There have been occasions when athletes have competed not under their national flags but under the International Olympic Association’s flag or under the flags of their National Olympic Committees, but these have always been exceptional cases to cope with civil war or national transitions or boycotts. Whenever an athlete has applied to compete as an individual the International Olympic Association has refused. When James Gilkes, a sprinter from Guyana, applied to participate as an individual to circumvent Guyana’s boycott of the 1976 Montreal Games, he was turned down. More than any other institution, the International Olympic Association made sporting competition synonymous with nationalism.
When I think back on my memories of the Olympic Games over half a century, it is hard to be superior about hyper-nationalist fandom. It is embarrassing to acknowledge that without national narratives, the excitement of the individual striving so close to Coubertin’s heart, would have passed me by.
People old enough to remember the Cold War, will also remember how its ideological polarisation helped spectators pick sides. The Americans rejoiced when Nadia Comaneci scored perfect 10s and pipped the Soviet gymnast Olga Korbut to gymnastic golds because Comaneci’s country, Romania, was seen as a dissident eastern-bloc nation, hostile to Moscow. Teofilo Stevenson was an icon of Cuban nationalist pride. The decline of our hockey team in the medal rankings at the games was a narrative of national heartbreak.
There were moments of transcendence when nationalist affiliation did not matter, like the time Bob Beamon smashed the existing long jump record by 55 cm in Mexico in 1968. Or when Dick Fosbury reinvented the high jump at the same games with the bizarre Fosbury Flop. But outside of these, the Olympics taught us that individual striving made coherent, narrative sense only in the service of national glory.
Notionally, the games are awarded to cities, a formal gesture towards the Greek city-states of old, but in effect, the games are platforms for nations to put their best foot forward. From Berlin in 1936 to Beijing in 2008, the Olympics have been extravagant ways of announcing that the host nation has arrived.

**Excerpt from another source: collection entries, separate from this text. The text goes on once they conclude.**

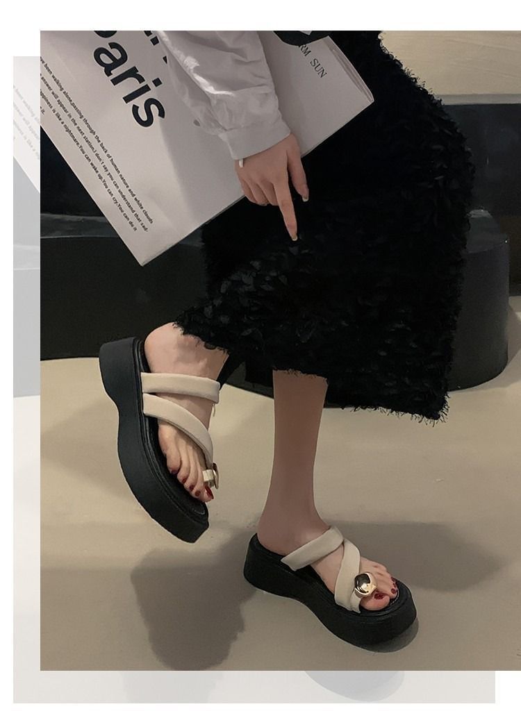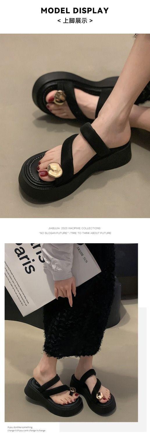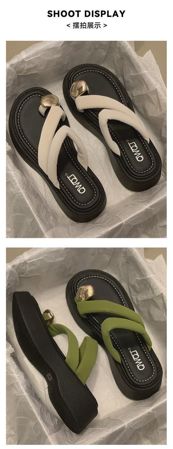 Pantuflas Slip-On para Mujer 2025 Verano Nueva Moda Versátil Metal Suela Gruesa Cómodas Casual Chanclas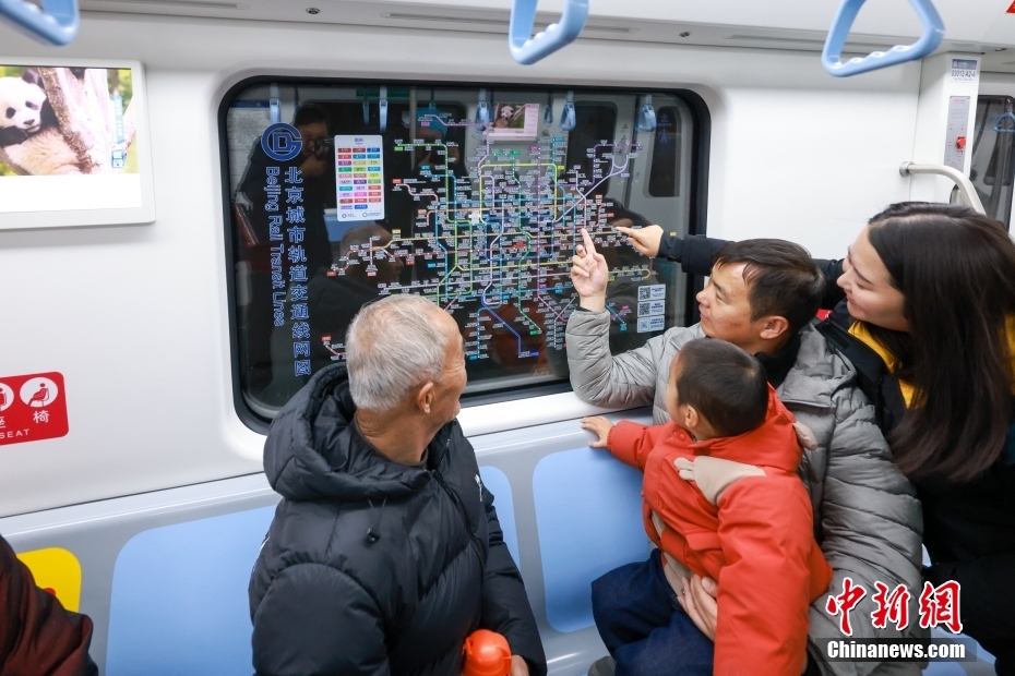乘客在北京地铁3号线列车内查看最新的线路图。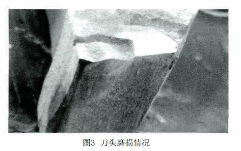 由于修复材料中含有陶瓷颗粒,对车削的刀头来说犹如砂轮,因此车削过程中刀头磨损非常快。经过现场观察分析,每车削轴向20~50mm时,刀刃就已成平面状,刀头磨损情况见图3,此时应及时更换刀头或对刀头进行磨销处理,但由于现场没有及时处理致使车削出的部位呈锥型。车床操作人员为避免出现锥度,利用增加进刀量来补偿刀头的磨损量,但刀头已经完全没有了刀刃,使加工过程中的车削力变成钝面刀头的下压力,造成了对修复材料的挤压破坏。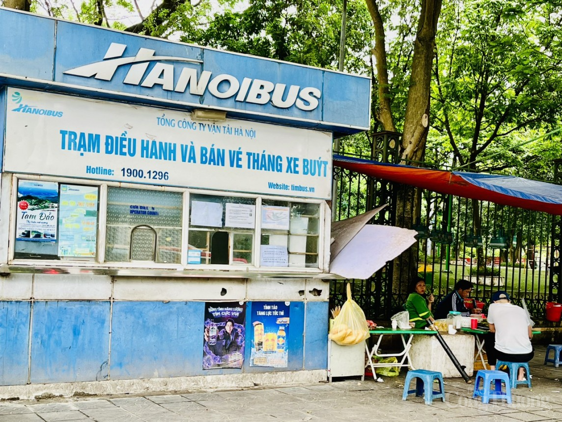 | Không chỉ lạm dụng các điểm dừng đỗ xe buýt, nhiều nơi còn ngang nhiên đặt hàng quán kế bên trạm điều hành và bán xe buýt hàng tháng - Ảnh: Phương Cúc |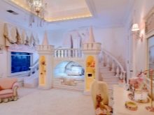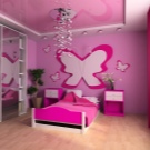 في غرف نوم الفتيات ، من الشائع استخدام النماذج الطويلة المعلقة المكونة من أشياء مختلفة. في هذه الحالة ، تتكون الثريا من زجاج جميل متعدد الألوان ، معلق بترتيب معين. على الرغم من أن الثريا طويلة بما يكفي ، إلا أنها بعيدة عن متناول الأطفال في سن ما قبل المدرسة.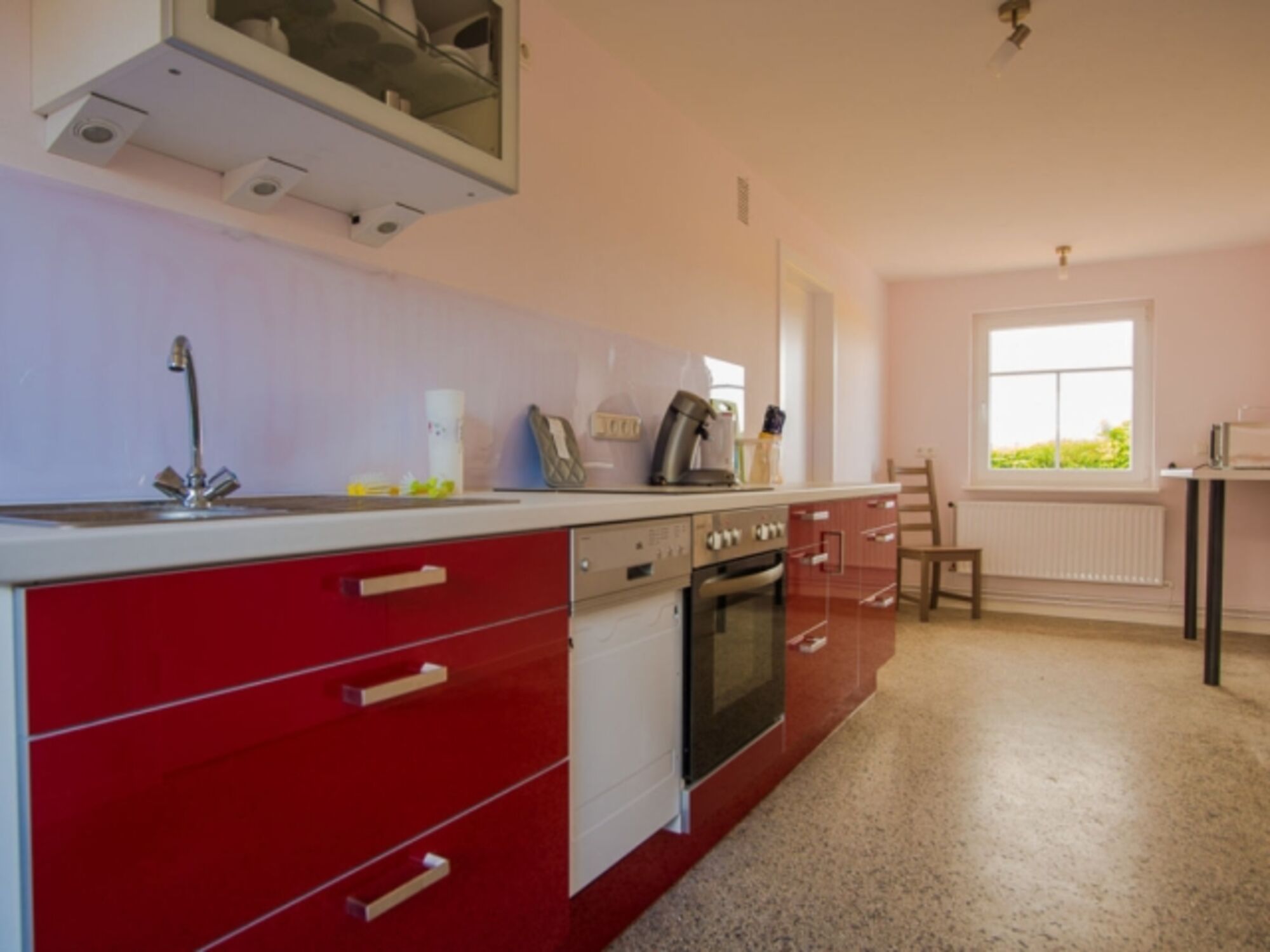 Cerankochfeld, Dunstabzugshaube, Kühlschrank mit Gefrierfach, Eierkocher, Küchenmaschine, Mixer, Korkenzieher / Flaschenöffner, Geschirrhandtücher, Essplatz in der Küche

There is a contradiction, or an apparent contradiction, at the heart of the Olympian vision of sporting competition that complicates all sport because all sport in one way or another takes their cue from Coubertin’s ideals. The contradiction is this. On the one hand, the Olympics hardwires the nation state into a modern competition.
On the other, the International Olympic Association insists that it will brook no interference from national politicians in the autonomy of National Olympic Committees. “Members of the International Olympic Association will not accept from governments […] any mandate or instructions which are against the principles of the Olympic Charter.”

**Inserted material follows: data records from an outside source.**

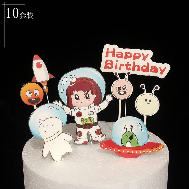 Astronaut Space World Cake Topper Spaceman Theme Party Baking Supplies Universe Outer Space Themed Birthday Cake De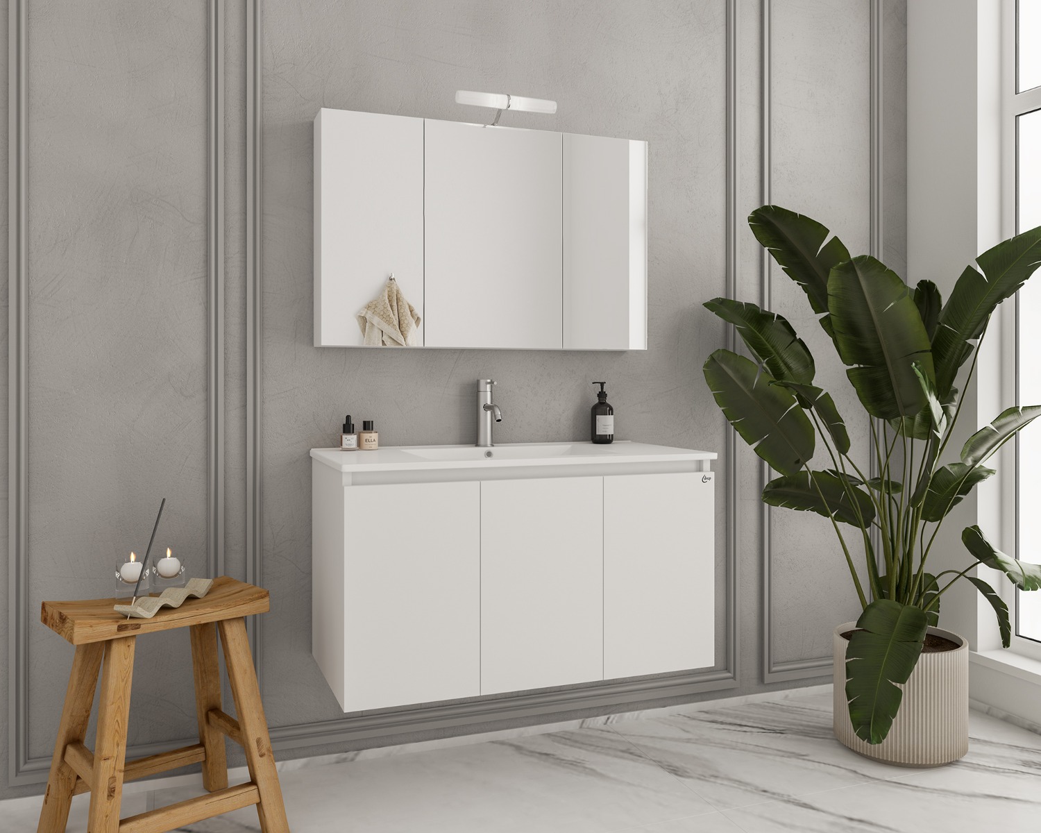 Ολοκληρωμένο σετ επίπλου μπάνιου 4 τεμαχίων της σειράς Verona 90 σε Λευκό χρώμα Drop.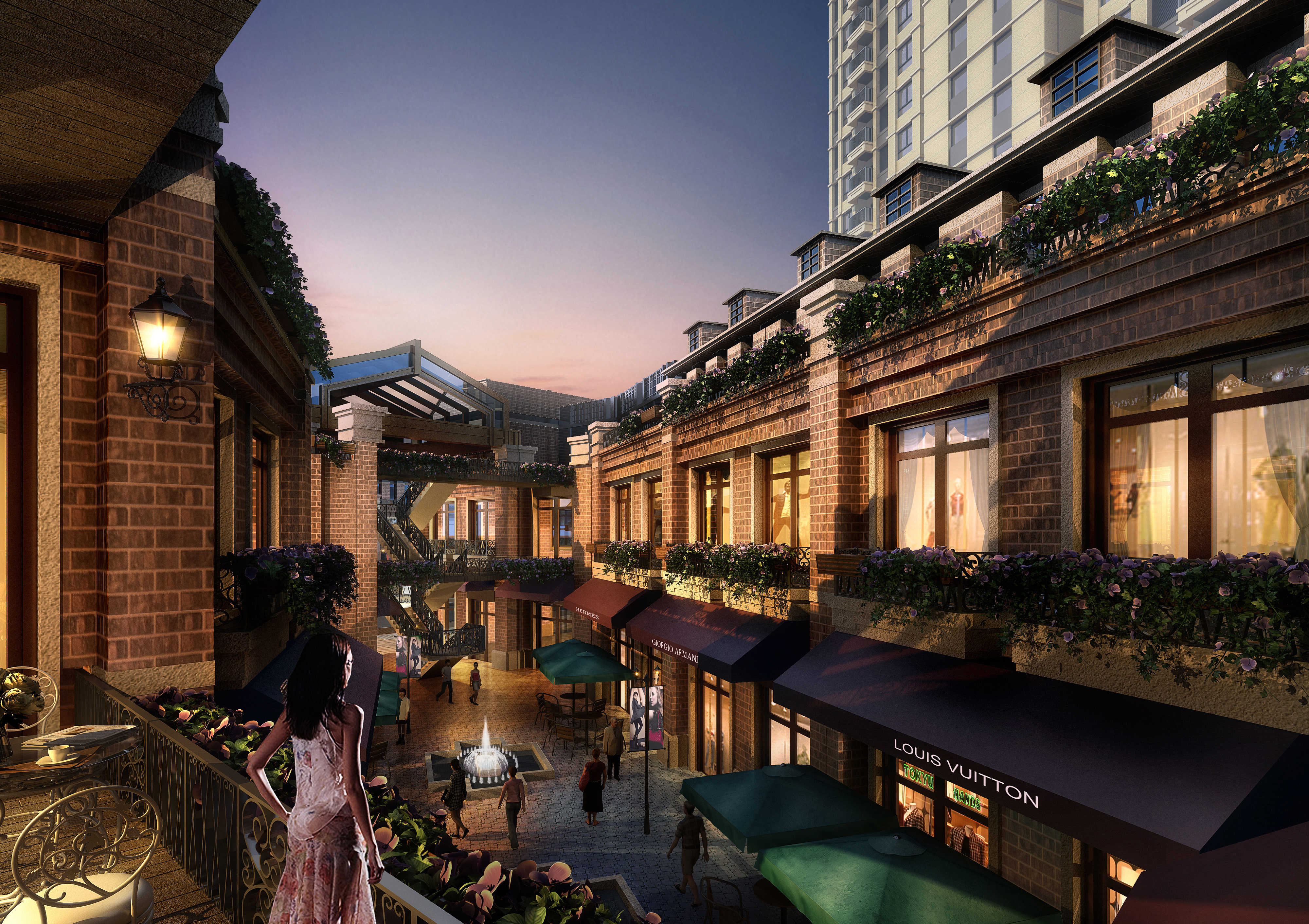 黃岡聯投國際城項目位于黃岡市,總用地面積227006.86平方米,本項目總建筑面積433812.69平方米,容積率1.78。本項目在設計上繼承了古典主義遵循中心、對稱、軸線、等級、秩序、主從等設計原則,強調均衡、比例、節奏、尺度等構圖邏輯與審美趣味。無論單體建筑,還是群體建筑,對稱和均衡幾乎成為主導構圖的決定性因素。立面造型上繼承了古典主義的厚重感,適度簡化了古典主義的裝飾性,融合新材料、新工藝,表現新的時代和地域特征。

This position is replicated by most international associations like FIFA and FIH, the Federation Internationale de Hockey. This ideal of sporting autonomy grows out of the liberal idea that the nation state has a demarcated sphere that does not extend to the freedom of action of civil society organisations.
Regulatory bodies for sport are implicitly saying that they want to harness the cachet of the nation state to magnify the significance of sport, but they will not have the functionaries of the nation state intervene in the affairs of their national affiliates.

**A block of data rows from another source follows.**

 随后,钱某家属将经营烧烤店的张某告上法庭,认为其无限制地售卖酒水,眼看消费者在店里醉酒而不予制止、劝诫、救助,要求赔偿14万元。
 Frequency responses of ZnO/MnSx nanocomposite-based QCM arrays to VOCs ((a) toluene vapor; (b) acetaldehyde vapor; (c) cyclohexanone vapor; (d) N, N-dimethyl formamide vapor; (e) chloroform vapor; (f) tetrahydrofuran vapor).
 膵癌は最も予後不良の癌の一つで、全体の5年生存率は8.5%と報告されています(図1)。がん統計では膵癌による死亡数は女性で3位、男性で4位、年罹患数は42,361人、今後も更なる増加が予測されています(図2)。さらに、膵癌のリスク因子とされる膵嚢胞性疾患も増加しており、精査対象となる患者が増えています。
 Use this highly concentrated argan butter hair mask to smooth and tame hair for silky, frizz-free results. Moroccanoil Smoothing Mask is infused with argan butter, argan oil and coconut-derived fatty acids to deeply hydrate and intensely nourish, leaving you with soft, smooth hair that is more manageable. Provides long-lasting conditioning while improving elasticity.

The ostensible reason for this is the need to keep sport free of political interference or, indeed, “politics”. When six nations withdrew in protest over the invasion of Hungary and the Suez Crisis from the 1956 Olympics, Avery Brundage admonished them: “these countries show that they are unaware of one of our most important principles namely that sport is completely free of politics”.
There is something heroic about Brundage’s magnificent disregard for the facts of international sport. Brundage was the same man who 20 years earlier, in the face of protests in the US against that country’s participation in Hitler’s Berlin Olympics because of Nazi persecution of the Jews, successfully lobbied against a boycott.
Brundage was completely complicit in the anti-Semitism of the time. He once regretted that Leni Reifenstahl’s film about the Berlin Olympics, Olympia, could not be shown in America because “unfortunately the theatres and moving picture companies are almost all owned by Jews”. There was, however, a logic to his insistence that boycotts were political whereas racist persecution was not.
What Brundage and every advocate of the autonomy of sports associations are saying is that the nation state as the sole sovereign representative of its people transcends politics. In an international setting, therefore, the internal politics of a nation can be of no concern to a sporting association. Reciprocally, the politicians of a nation state must not impose their politics on the international sport.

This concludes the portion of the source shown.